Extracts files from 7zip archives

Source code in strelka/src/python/strelka/scanners/scan_seven_zip.py
class ScanSevenZip(strelka.Scanner):
    """Extracts files from 7zip archives"""

    EXCLUDED_ROOT_DIRS: list[str] = []

    def scan(self, data: bytes, file: strelka.File, options: dict, expire_at) -> None:
        file_limit = options.get("limit", 100)
        tmp_directory = options.get("tmp_file_directory", "/tmp/")
        scanner_timeout = options.get("scanner_timeout", 150)
        password_file = options.get("password_file", "/etc/strelka/passwords.dat")
        log_extracted_pws = options.get("log_pws", False)
        brute = options.get("brute_force", False)
        min_length = options.get("min_length", 1)
        max_length = options.get("max_length", 5)
        crack_pws = options.get("crack_pws", True)

        self.event["total"] = {"files": 0, "extracted": 0}
        self.event["files"] = []
        self.event["hidden_dirs"] = []
        self.event["meta"] = {}

        extracted_pw = ""

        with tempfile.NamedTemporaryFile(dir=tmp_directory, mode="wb") as tmp_data:
            tmp_data.write(data)
            tmp_data.flush()
            tmp_data.seek(0)

            if not tmp_data:
                self.flags.append("7zip_tmp_error")
                return

            (stdout, stderr) = subprocess.Popen(
                ["7zz", "l", tmp_data.name],
                stdout=subprocess.PIPE,
                stderr=subprocess.PIPE,
            ).communicate(timeout=scanner_timeout)

            if crack_pws and self.parse_7zip_password(stdout.decode("utf-8")):
                sevenzip2john = password_cracking.sevenzip2john(data, tmp_directory)
                if not sevenzip2john:
                    self.flags.append("7z2john_output_empty")
                    return

                extracted_pw = password_cracking.crack_john(
                    self,
                    "/jtr/",
                    tmp_directory,
                    hashes=sevenzip2john,
                    password_file=password_file,
                    min_length=min_length,
                    max_length=max_length,
                    scanner_timeout=scanner_timeout,
                    brute=brute,
                )

                if not extracted_pw:
                    self.flags.append("Could not extract password")
                    return

                if log_extracted_pws:
                    self.event["cracked_password"] = extracted_pw

            if extracted_pw:
                self.extract_7zip(
                    data,
                    tmp_directory,
                    scanner_timeout,
                    expire_at,
                    file_limit,
                    password=extracted_pw.decode("utf-8"),
                )
            else:
                self.extract_7zip(
                    data, tmp_directory, scanner_timeout, expire_at, file_limit
                )

    def extract_7zip(
        self, data, tmp_dir, scanner_timeout, expire_at, file_limit, password=""
    ):
        """Decompress input file to /tmp with 7zz, send files to coordinator"""

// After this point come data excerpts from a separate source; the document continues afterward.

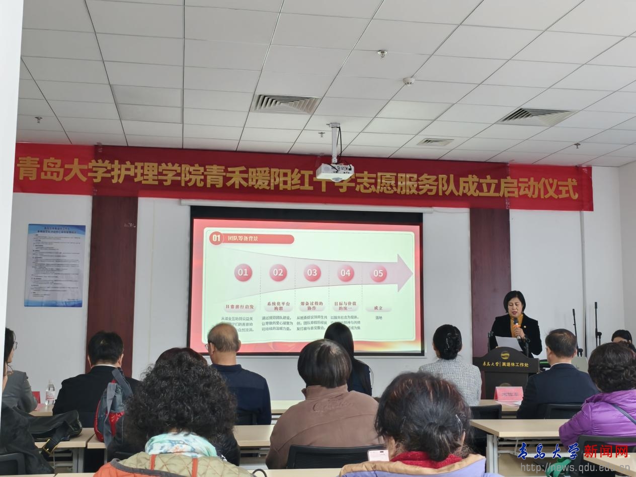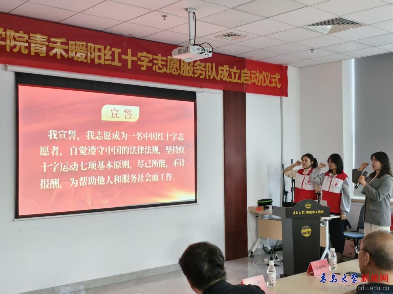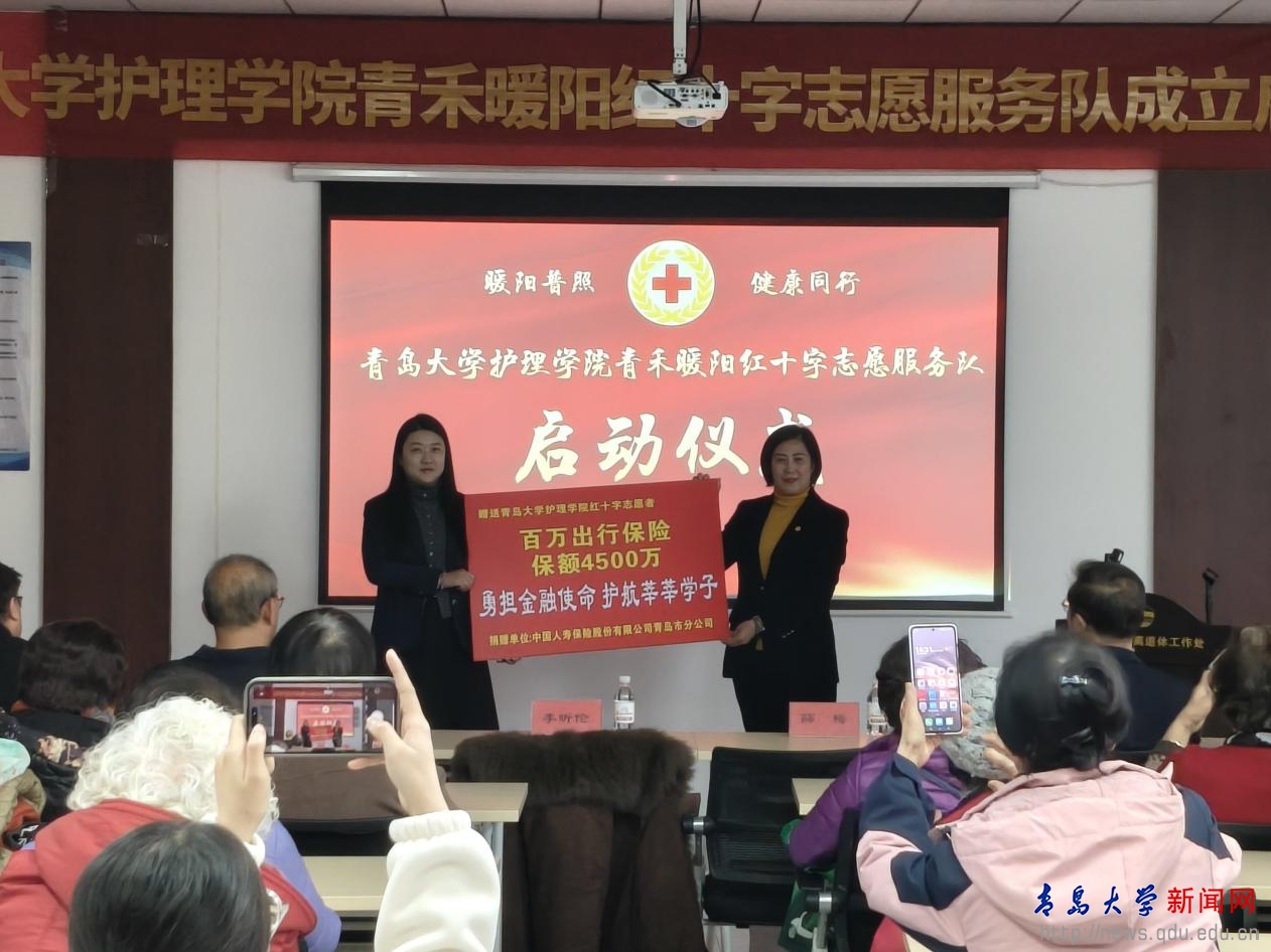 新闻网讯 1月8日,护理学院“青禾暖阳”红十字志愿服务队成立暨首次服务活动启动仪式在离退休工作处会议室举行。青岛市红十字会、中国人寿青岛分公司相关负责人,鸭脖离退休工作处、团委、青岛医学院、护理学院等部门负责人,携手医学领域资深专家与志愿服务队成员共同参加仪式。
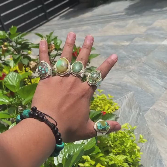 Enjoy the timeless beauty of this natural turquoise ring. Its oval-shaped turquoise centerpiece is elegant and adorned with delicate details. This adjustable, handmade piece has a hammered texture that adds a modern touch to its bohemian look. It's more than just a ring, crafted with...
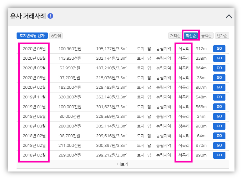 이것도 참 유용한 기능이다. 주변 토지의 최근 실거래가를 알아볼 수 있다. 정확한 지번은 나오지 않지만 관심 지역 시세를 확인해볼 수 있다는게 큰 장점이다.
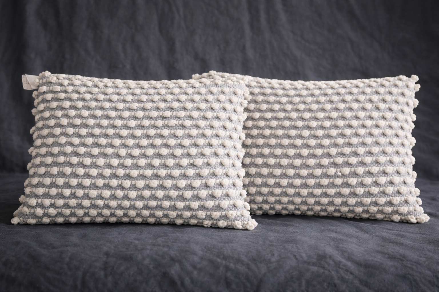 Add effortless elegance to your living space with this set of 2 rectangular textured cushion covers. Crafted in a soothing grey base with delicate cream pom-pom detailing, these cushion covers bring warmth, depth, and a handcrafted charm to sofas, armchairs, and reading nooks. The premium woven fabric highlights fine craftsmanship while the neutral palette blends seamlessly with modern, boho, and contemporary interiors. Perfect for everyday styling or festive décor upgrades, these cushion covers elevate your home with subtle luxury and comfort.
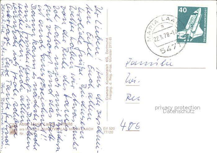 72496372 alte Postkarte Maria Laach Glees Abtei Maria Laach Fliegeraufnahme postalisch gelaufen Erhaltung siehe scans KatCode: 11110007131205
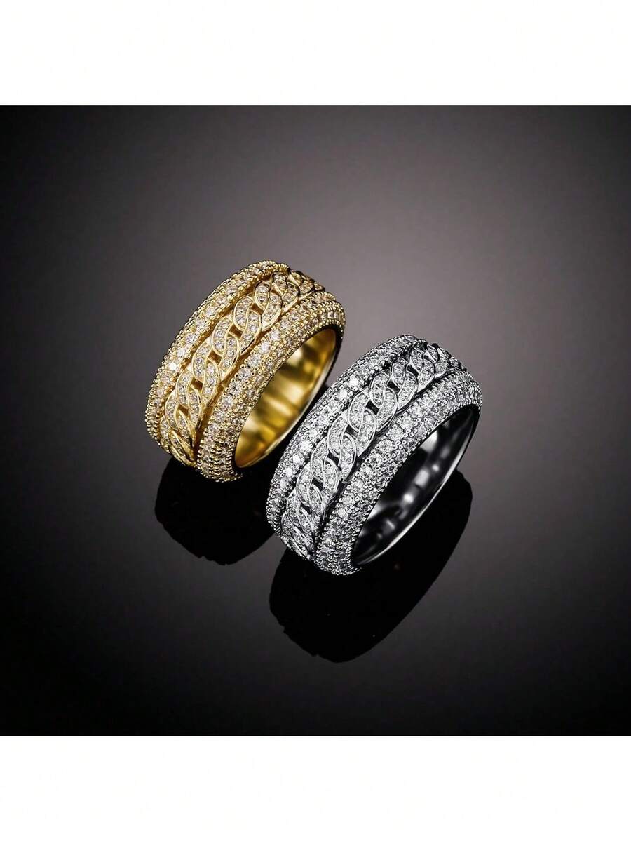 1pc Men's Rotating Finger Ring With Cubic Zirconia Inlay, Fashionable Glittering Design, Hip-Hop/Punk Minimalist Style, Suitable As Gift
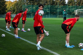 Szoboszlai Dominik (k) a magyar labdarúgó-válogatott edzésén a telki edzõközpontban 2024. október 13-án.
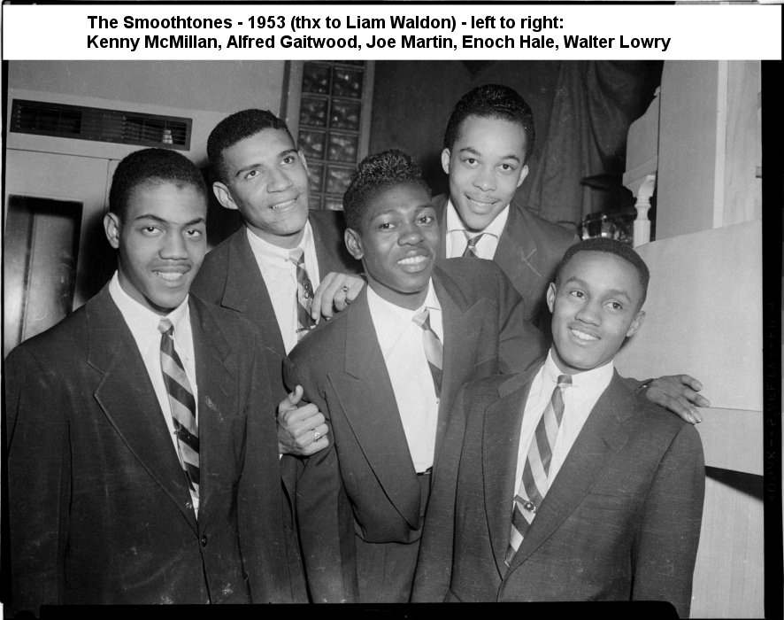 Up until then, the Smoothtones' appearances were mostly record hops with DJs Bill Powell (who would later break "Guided Missles" in Pittsburgh over station WILY), Leon Sykes (WMBS), Jay Michael (WCAE), Barry Kaye (WJAS), and, of course, Porky Chedwick (WHOD). After the record was released (with "No Doubt About It" doing well locally), there was a series of one-nighters, but all in the Pittsburgh area. This continued until late 1955, when Alfred Gaitwood was once again reassigned by the Air Force. His place in the Smoothtones was taken by Sylvester Brooks (with whom the group subsequently cut "It's Too Late Now," a tune that they'd been practicing with Alfred). [What little information about the Smoothtones exists here was taken from Cark Janusek's article on the group which appeared in Echoes Of The Past #16 in 1991. Carl had interviewed Jud Hunter for the article; when I spoke with Alfred Gaitwood, he remembered being with the Smoothtones, but none of their names.]
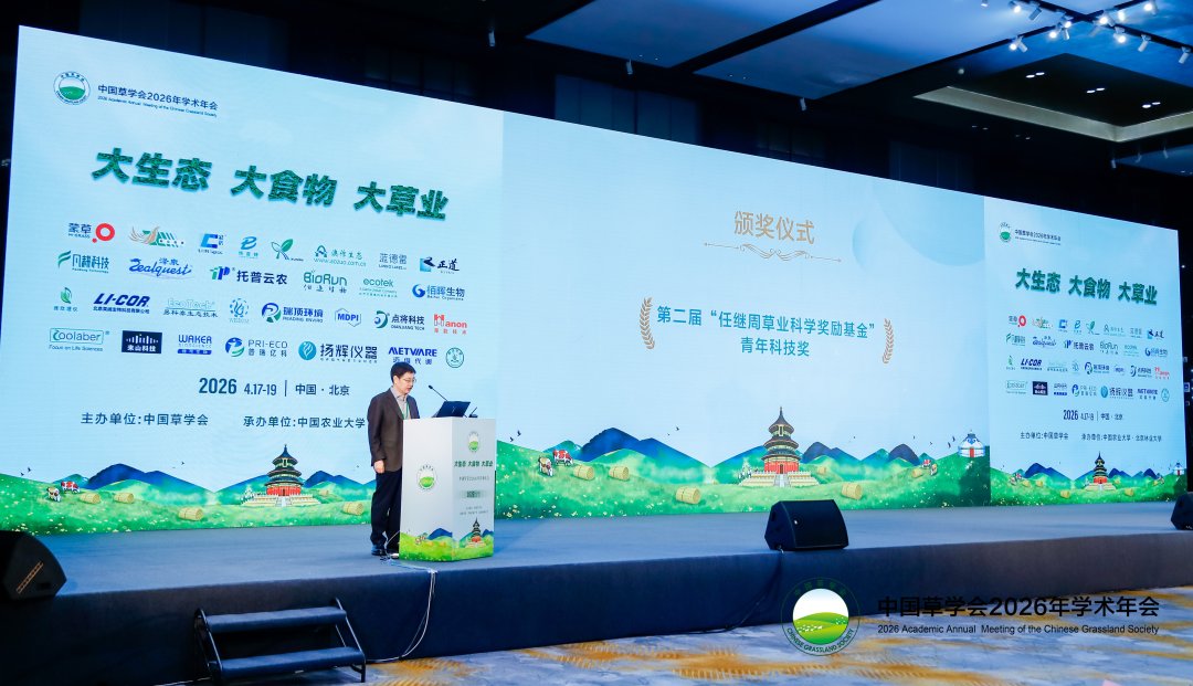 4月18日,第二屆“任繼周草業(yè)科學(xué)獎(jiǎng)勵(lì)基金”青年科技獎(jiǎng)?lì)C獎(jiǎng)儀式在中國(guó)草學(xué)會(huì)2026年學(xué)術(shù)年會(huì)舉行。中國(guó)工程院院士、中國(guó)草學(xué)會(huì)理事長(zhǎng)、蘭州大學(xué)教授南志標(biāo),中國(guó)工程院院士、中國(guó)農(nóng)業(yè)大學(xué)教授張福鎖,中國(guó)工程院院士、中國(guó)林業(yè)科學(xué)院研究員劉世榮,發(fā)展中國(guó)家科學(xué)院院士、北京大學(xué)教授黃季焜,中國(guó)農(nóng)業(yè)大學(xué)副校長(zhǎng)田見(jiàn)暉,北京林業(yè)大學(xué)副校長(zhǎng)張志強(qiáng),中國(guó)科學(xué)技術(shù)協(xié)會(huì)宣傳文化部副部長(zhǎng)宋玉榮,全國(guó)畜牧總站副站長(zhǎng)楊勁松,國(guó)家林業(yè)和草原局草原管理司二級(jí)巡視員王卓然,中國(guó)農(nóng)業(yè)科學(xué)院草原研究所所長(zhǎng)林克劍等出席儀式。蘭州大學(xué)草地農(nóng)業(yè)科技學(xué)院黨委書(shū)記張大偉,院長(zhǎng)李春杰,副院長(zhǎng)劉志鵬、朱劍霄、范成勇及教師代表參加。儀式由中國(guó)草學(xué)會(huì)副理事長(zhǎng)、“任繼周草業(yè)科學(xué)獎(jiǎng)勵(lì)基金”青年科技獎(jiǎng)評(píng)審委員會(huì)主任、蘭州大學(xué)教授賀金生主持。
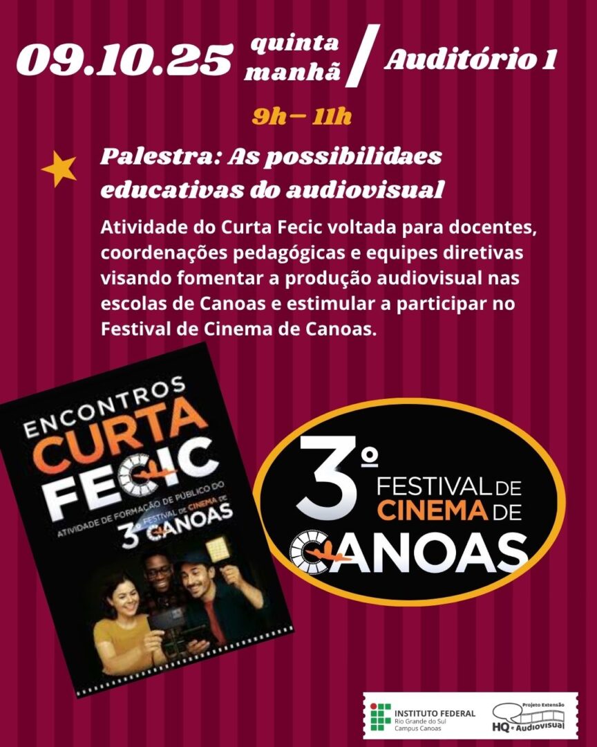 No terceiro dia, no turno da manhã, em uma parceria entre o IFRS, por meio do projeto de extensão HQ e Audiovisual em processos pedagógicos e a produção do 3º Festival de Cinema de Canoas, ocorreu uma atividade de formação de professores da rede municipal de Canoas, abordando o tema educação e audiovisual.
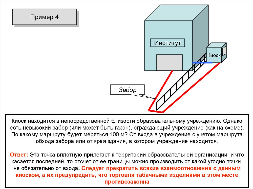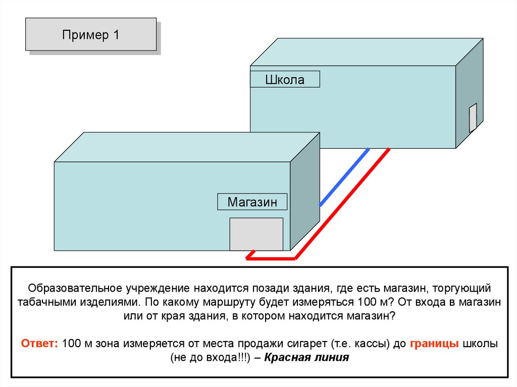 Ответ: 100 м зона измеряется от места продажи сигарет (т.е. кассы) до границы школы
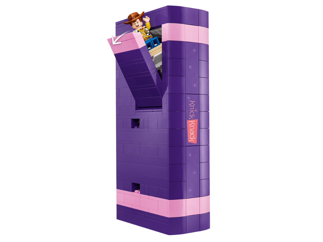 Τα βιβλία του σετ, βασισμένα στις ταινίες Toy Story, περιέχουν κρυφές αναφορές: το μικρό βιβλίο έχει μια λειτουργία που αποκαλύπτει έναν χαρακτήρα Slinky Dog LEGO Disney και Pixar. Το μεγάλο βιβλίο διαθέτει δύο λειτουργίες: γύρισε το κουμπί για να εμφανιστεί μια μινιφιγούρα του Woody ή αφαίρεσε μέρος του εξωφύλλου για να δεις το εσωτερικό και να ανακαλύψεις ακόμη περισσότερες εκπλήξεις. Μόλις ολοκληρωθεί, το σετ αποτελεί μια διασκεδαστική διακόσμηση για το σπίτι ή ένα μοναδικό διακοσμητικό Disney για το γραφείο.
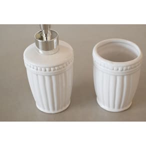 Nada melhor do que ter um banheiro organizado e com objetos proporcionando beleza ao ambiente não é mesmo Pensando nisso, a jolitex criou o kit banheiro branco em dois modelos diferentes para completar a decoração do seu banheiro. O kit possui 2 peças de cerâmica, sendo um dispenser para sabonete líquido e um pote para organização de itens da sua preferência, tornando o ambiente mais organizado e prático para o seu dia-a-dia e da sua família. A cor branca combina com qualquer decoração, além de dar um toque de requinte ao ambiente.
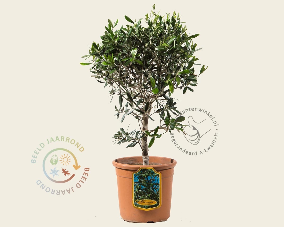 Op zoek naar een tuinplant met een mediterraanse sfeer? Dan is Olea europaea een goede keuze. Het blad is mooi grijsgroen van kleur. Een Olijf is bladhoudend, dus in de winter ook mooi om te zien. De bloemen zijn crème wit van kleur en ze groeien in trossen aan de olijfboom. Olijven die in een pot komen staan, kan men in de pot plaatsen met noppenfolie. Mooi voor op een terras of in een patiotuin.
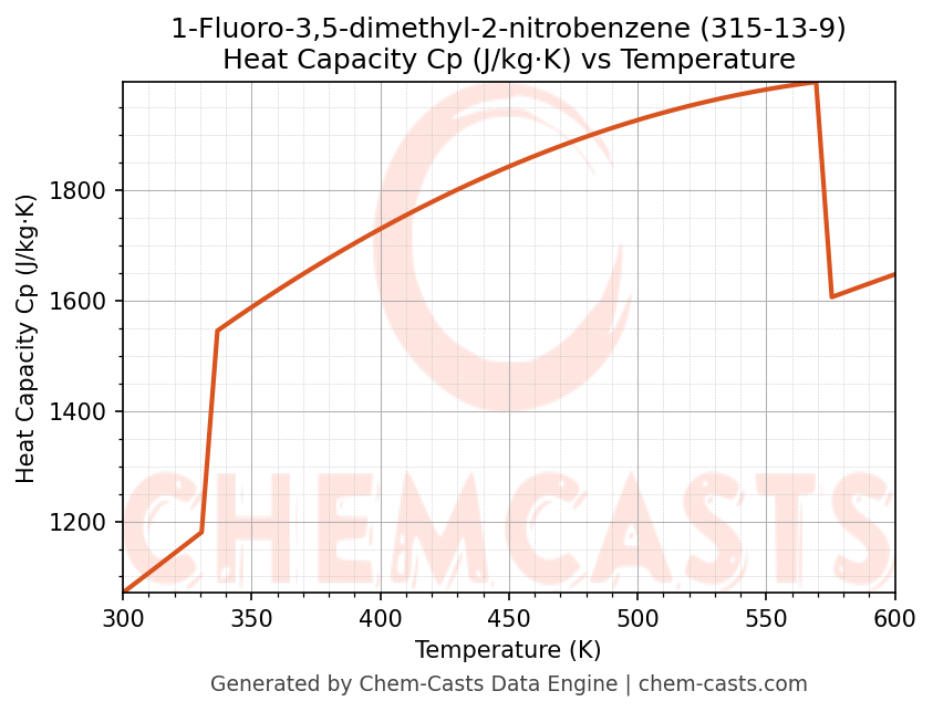 - Specific heat capacity (Cp) indicates the amount of energy required to raise the temperature of 1-Fluoro-3,5-dimethyl-2-nitrobenzene and is critical for energy balance and heat-exchanger design.

        # Check if 7zip package is installed
        if not shutil.which("7zz"):
            self.flags.append("7zip_not_installed_error")
            return

        with tempfile.NamedTemporaryFile(dir=tmp_dir, mode="wb") as tmp_data:
            tmp_data.write(data)
            tmp_data.flush()
            tmp_data.seek(0)

            if not tmp_data:
                self.flags.append("7zip_tmp_error")
                return

            with tempfile.TemporaryDirectory() as tmp_extract:
                if password:
                    (stdout, stderr) = subprocess.Popen(
                        [
                            "7zz",
                            "x",
                            tmp_data.name,
                            f"-o{tmp_extract}",
                            f"-p{password}",
                        ],
                        stdout=subprocess.PIPE,
                        stderr=subprocess.PIPE,
                    ).communicate(timeout=scanner_timeout)
                else:
                    (stdout, stderr) = subprocess.Popen(
                        ["7zz", "x", tmp_data.name, f"-o{tmp_extract}"],
                        stdout=subprocess.PIPE,
                        stderr=subprocess.PIPE,
                    ).communicate(timeout=scanner_timeout)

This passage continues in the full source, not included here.